Work request:
Starting at the line where "Cocina con salida" occurs, reproduce each line through the end of the entries below exactly. Omit every picture.

Data excerpts:
------------------------------

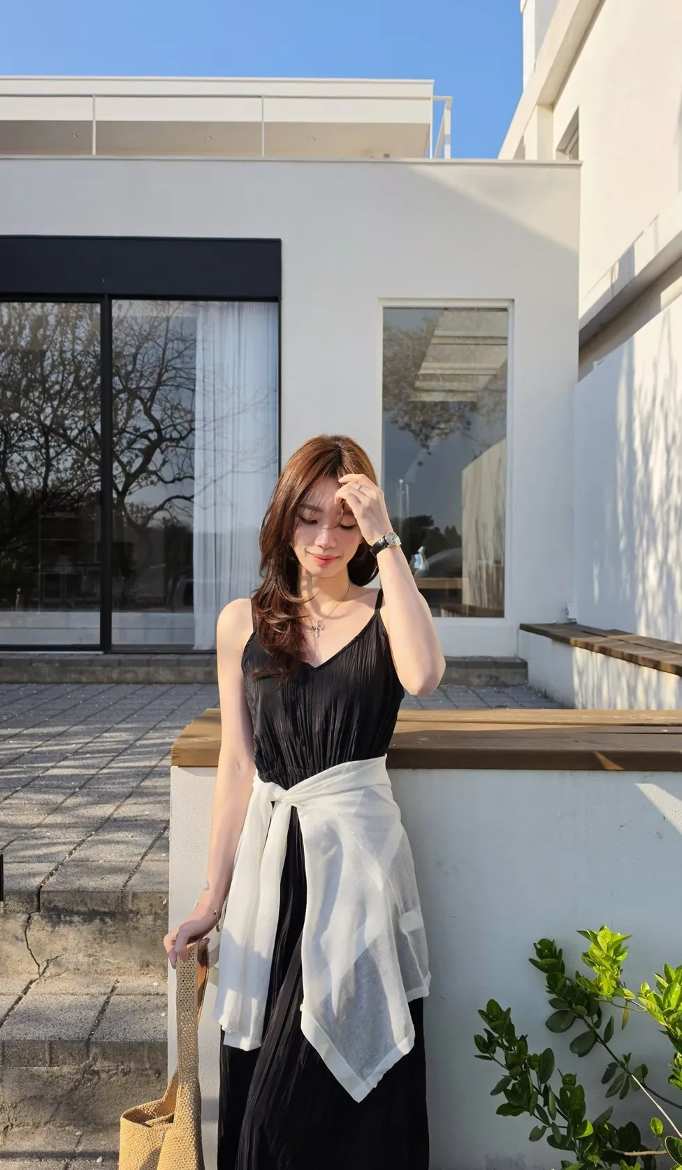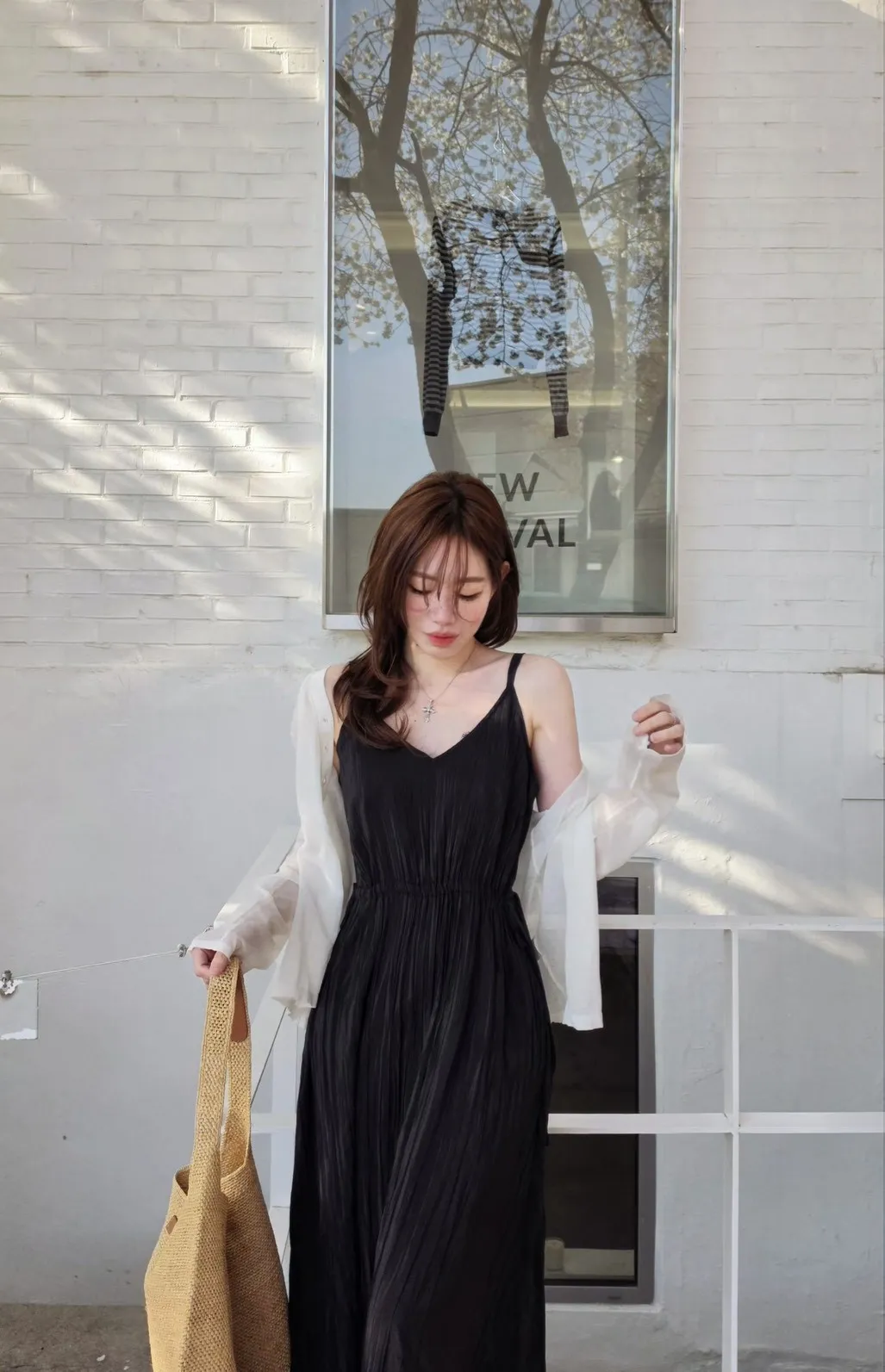 A57 0422漂亮歐膩家微光澤波紋氣質(長)洋裝3色
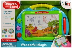 Szórakoztató és fejlesztő mágneses tábla gyerekeknek nagy rajzfelülettel, stylussal és 3 bélyegzővel. Készíts többszínű rajzokat, mindent könnyen letörölhetsz, és fejleszd a kreativitást és a finommotorikát. A fogantyúnak köszönhetően a tábla könnyen hordozható, lányoknak és fiúknak egyaránt megfelelő.
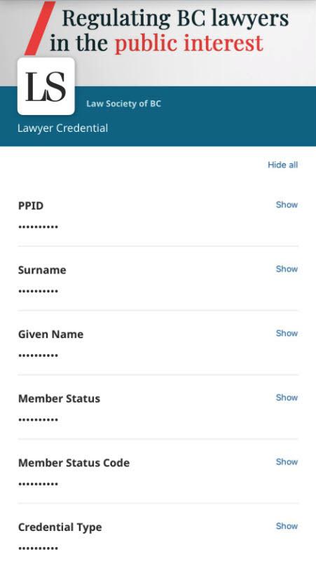 - If the scan is successful, the Law Society of BC will send you a Credential Offer
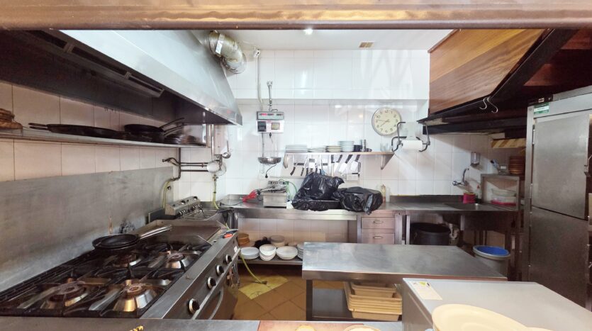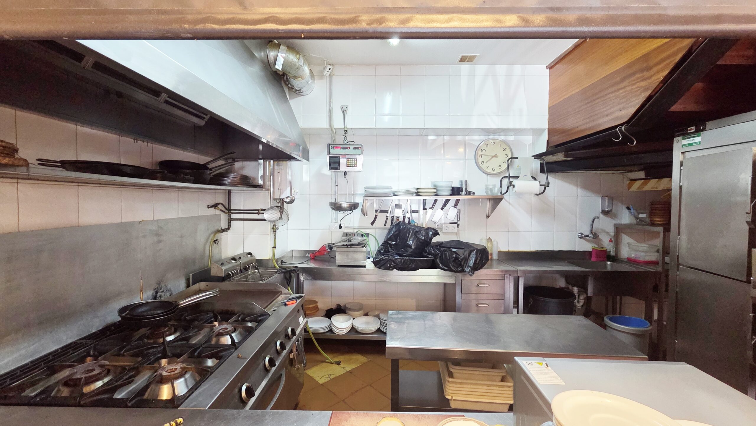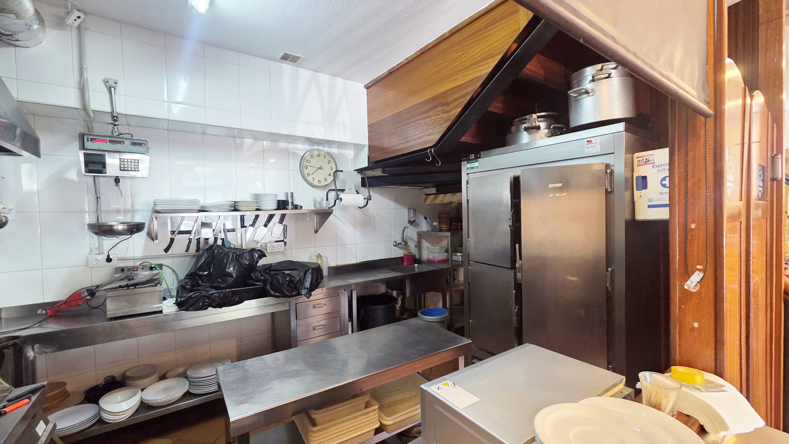 Cocina con salida de humos, equipada con todos los utensilios, DISPONE DE GAS CIUDAD, PARA SUS FOGONES, PLANCHA Y HORNO, también para su CALENTADOR DE ACS. Amplia campana extractora. LA COCINA ESTÁ VISTA AL PÚBLICO que a parte de proporcionar mucha luz natural, este tipo de cocina es ALTAMENTE valorado por los más comensales más exigentes. También puede ocultarse gracias a estor opaco. Dispone de varias mesas de trabajos, todo en acero inoxidable, fácil limpieza, durabilidad e higiene. Las FREIDORAS tampoco podían faltar, varios y amplias neveras verticales y hasta una pesa de alta precisión.
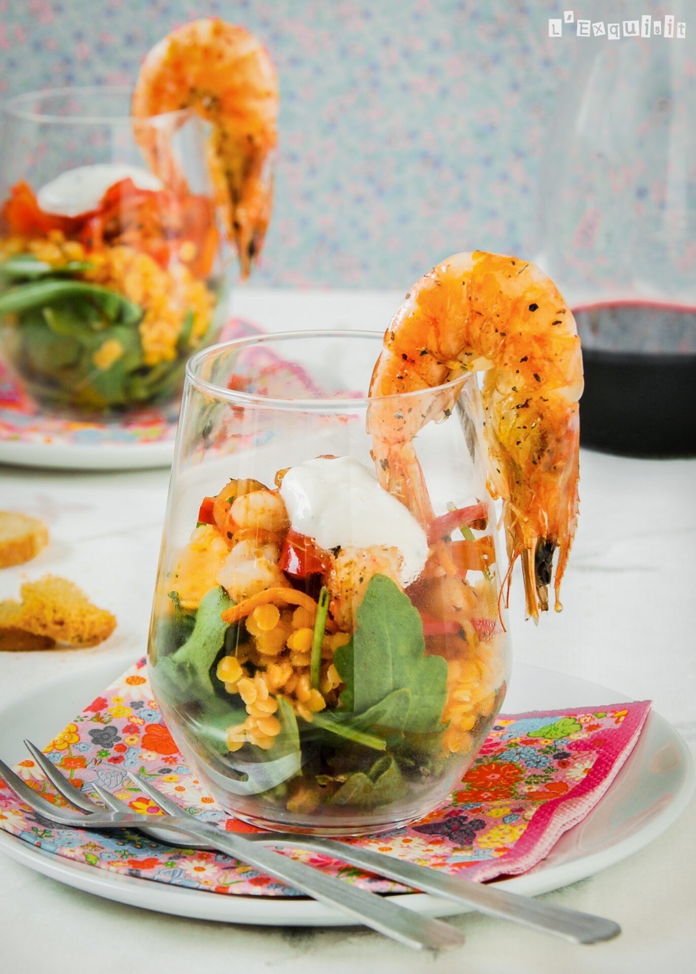 Mientras, disponer la rúcula en el fondo de los vasos, a continuación las lentejas, la mezcla de verduras con las gambas troceadas y coronar con el aliño de yogur. Colocar una gamba entera en el vaso como decoración.
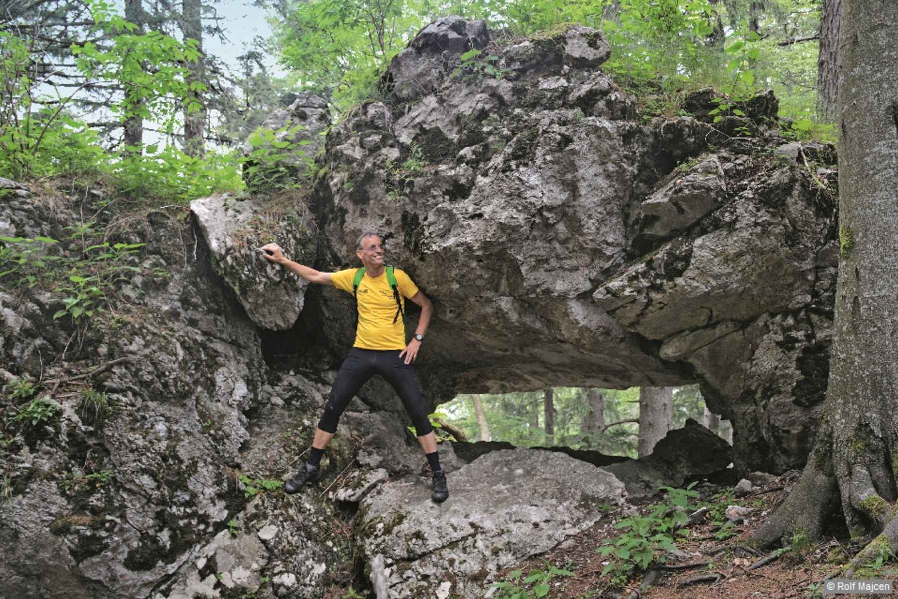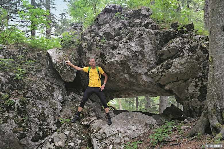 Danach zurück zur Wegteilung und weiter zum „Schiffall“. Rechter Hand gefällt ein Steinfenster, und wir staunen über die spannende Wegführung durch die bizarre und zum Teil von Moos überzogene Felslandschaft. Am kleinen bewaldeten Gipfelplateau, das an einigen Stellen sogar Fernsicht durch die Bäume hindurch bis zum Hochschwab zulässt, steht kein Gipfelkreuz; nur die Tafel „Schiffall, 1221 m“ und das Gipfelbuch geben uns Bescheid, dass wir uns am Schiffall befinden.

------------------------------

Exercise result:
 Cocina con salida de humos, equipada con todos los utensilios, DISPONE DE GAS CIUDAD, PARA SUS FOGONES, PLANCHA Y HORNO, también para su CALENTADOR DE ACS. Amplia campana extractora. LA COCINA ESTÁ VISTA AL PÚBLICO que a parte de proporcionar mucha luz natural, este tipo de cocina es ALTAMENTE valorado por los más comensales más exigentes. También puede ocultarse gracias a estor opaco. Dispone de varias mesas de trabajos, todo en acero inoxidable, fácil limpieza, durabilidad e higiene. Las FREIDORAS tampoco podían faltar, varios y amplias neveras verticales y hasta una pesa de alta precisión.
 Mientras, disponer la rúcula en el fondo de los vasos, a continuación las lentejas, la mezcla de verduras con las gambas troceadas y coronar con el aliño de yogur. Colocar una gamba entera en el vaso como decoración.
 Danach zurück zur Wegteilung und weiter zum „Schiffall“. Rechter Hand gefällt ein Steinfenster, und wir staunen über die spannende Wegführung durch die bizarre und zum Teil von Moos überzogene Felslandschaft. Am kleinen bewaldeten Gipfelplateau, das an einigen Stellen sogar Fernsicht durch die Bäume hindurch bis zum Hochschwab zulässt, steht kein Gipfelkreuz; nur die Tafel „Schiffall, 1221 m“ und das Gipfelbuch geben uns Bescheid, dass wir uns am Schiffall befinden.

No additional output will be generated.